If you only ever open one, open AA & CQ. The other three describe plumbing. That one describes customer experience.

The three numbers worth taking to a management meeting

1. Call result outcome

One chart splits every queue call into answered, abandoned, missed, failed and other. It is the closest thing you have to a service-level statement, and it takes about four seconds to read.

A pie chart splitting queue calls into abandoned, answered, missed, failed and other, with explanations of each category.
Figure 2 — The call result outcome chart. Figures shown are illustrative examples.

Why it matters to you: it converts "customers say they wait too long" into a figure you can put in front of a board, track month to month, and hold someone accountable for.

2. Agent opt-in ratio

Of the agents assigned to a queue, how many are actually signed in and able to take calls? A queue with twelve assigned agents and a 44% opt-in ratio is really a queue with five.

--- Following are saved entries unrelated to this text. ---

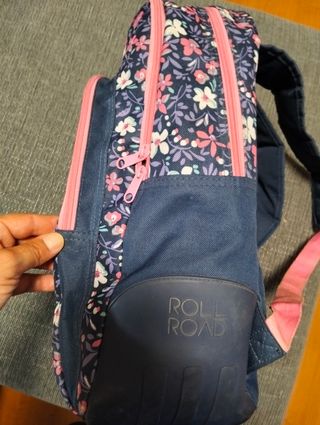 Mochila Roll Road con un bonito estampado floral. Se encuentra en muy buen estado. - Diseño con flores rosas, blancas y moradas. - Cremalleras en color rosa. - Tejido resistente.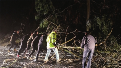 2月7日凌晨1时许,市公安局民警驱车赶回咸宁城区途中,在044县道孔家边路段发现一棵大树横倒在路面上,阻碍来往车辆正常通行。一行人随即下车联合过往司机合力将大树搬走,清理路面枯枝,保障道路畅通。 (记者 毛亚轩 刘震)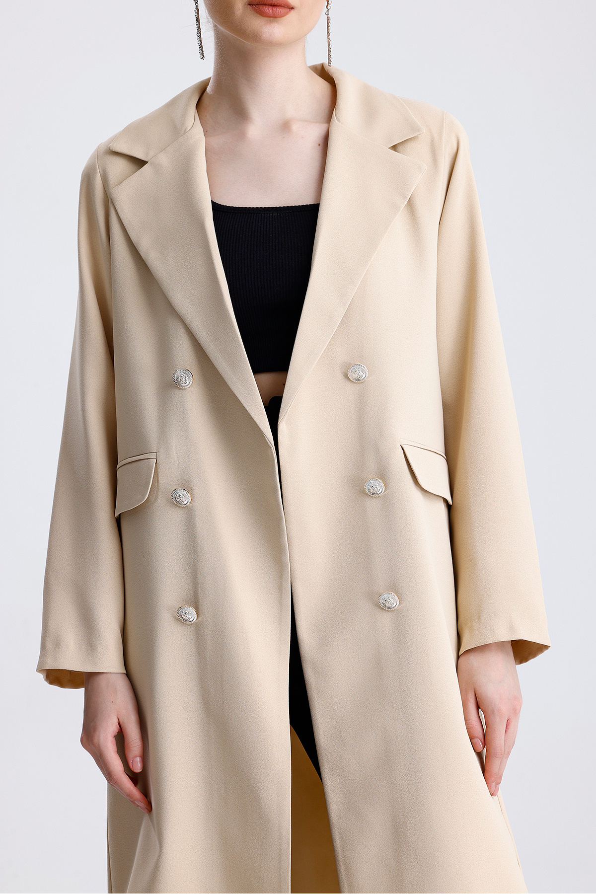 Kadın Düğme Detaylı Astarlı Uzun Oversize Blazer Ceket Kadın Düğme Detaylı Astarlı Uzun Oversize Blazer Ceket MDTRN32346 2XL

A column chart showing the percentage of assigned agents actually opted in to each queue.
Figure 3 — Agent opt-in ratio per queue. Queue names and figures are illustrative examples.

Why it matters to you: this is the metric that most often changes a decision, because it reframes a service complaint as a staffing or process question — with evidence rather than anecdote. Every rota and capacity plan built on the assigned headcount is wrong by the size of this gap.

3. Hop count

How many times a call is handed on before it is resolved. Ten hops is ten rounds of menus and hold music. Nobody designs that deliberately; it accumulates one reasonable change at a time over several years, and it is invisible until something counts it.

A column chart showing average hop count per call queue, with the highest queues highlighted.
Figure 4 — Hop count per queue. Queue names and figures are illustrative examples.

Why it matters to you: it is the cheapest improvement available. Flattening a routing tree costs configuration time, not licences or headcount, and it usually improves the abandoned figure at the same time.

What Statistics is not

  • It is historical, not live. Statistics reports on calls that have already finished. If you need to see who is waiting right now, that is the VoiceQ365 dashboard, a different part of the product.
  • It is not a contact centre. There is no service level target, no adherence tracking, no forecasting engine. Statistics measures what happened; it does not manage the operation.
  • It does not know your business hours. Every figure is a raw count over the period you selected. Comparing a month with 22 working days against one with 19 will show a drop that means nothing.

Who should have access

Statistics contains personal data: who called, who they called, who answered and for how long. The detailed call table masks the last digits of the calling party's number, but shows the number that was dialled in full. And anyone with access can export those records to a spreadsheet, at which point the data is outside every control the platform applies.

Saved views are also shared, not personal — everything one person saves is visible to everyone else with access to that report.

None of this is a reason to restrict access narrowly. It is a reason to decide deliberately rather than by default, and to agree with whoever owns data protection where exported files are allowed to live.

A reasonable first month

  1. Set the time zone before anyone reads a single chart.
  2. Open AA & CQ and look at the call result outcome chart for the last full month. That is your baseline.
  3. Sort hop count descending and take the top three queues. Ask whoever owns them whether the routing still reflects how the business works.
  4. Check agent opt-in ratio against the queues that matter most commercially. Anything below about 60% deserves a conversation.
  5. Save the combination as a named view so the same numbers come back the same way next month. Comparability is worth more than sophistication.

None of this requires a project. It requires someone to open the reports once a month and ask the obvious questions — which is precisely the thing that does not happen when the data is locked inside PowerShell.